• **RECORDED DATA**
--- --- ---
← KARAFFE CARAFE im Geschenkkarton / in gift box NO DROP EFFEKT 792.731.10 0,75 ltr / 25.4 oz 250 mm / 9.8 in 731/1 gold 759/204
--- --- ---
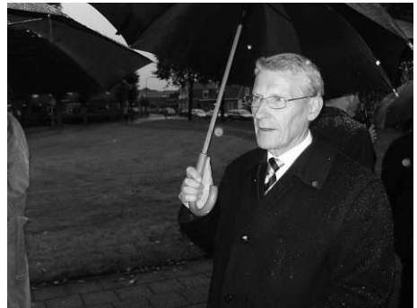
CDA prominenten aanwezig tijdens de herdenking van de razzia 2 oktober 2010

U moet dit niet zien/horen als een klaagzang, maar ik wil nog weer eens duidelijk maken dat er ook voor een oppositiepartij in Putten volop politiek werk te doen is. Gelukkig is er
--- --- ---
Copy out, word for word, the part of the entries above that begins at the line with "CDA prominenten aanwezig" and ends at the line with "U moet dit niet", including both.

CDA prominenten aanwezig tijdens de herdenking van de razzia 2 oktober 2010

U moet dit niet zien/horen als een klaagzang, maar ik wil nog weer eens duidelijk maken dat er ook voor een oppositiepartij in Putten volop politiek werk te doen is. Gelukkig is er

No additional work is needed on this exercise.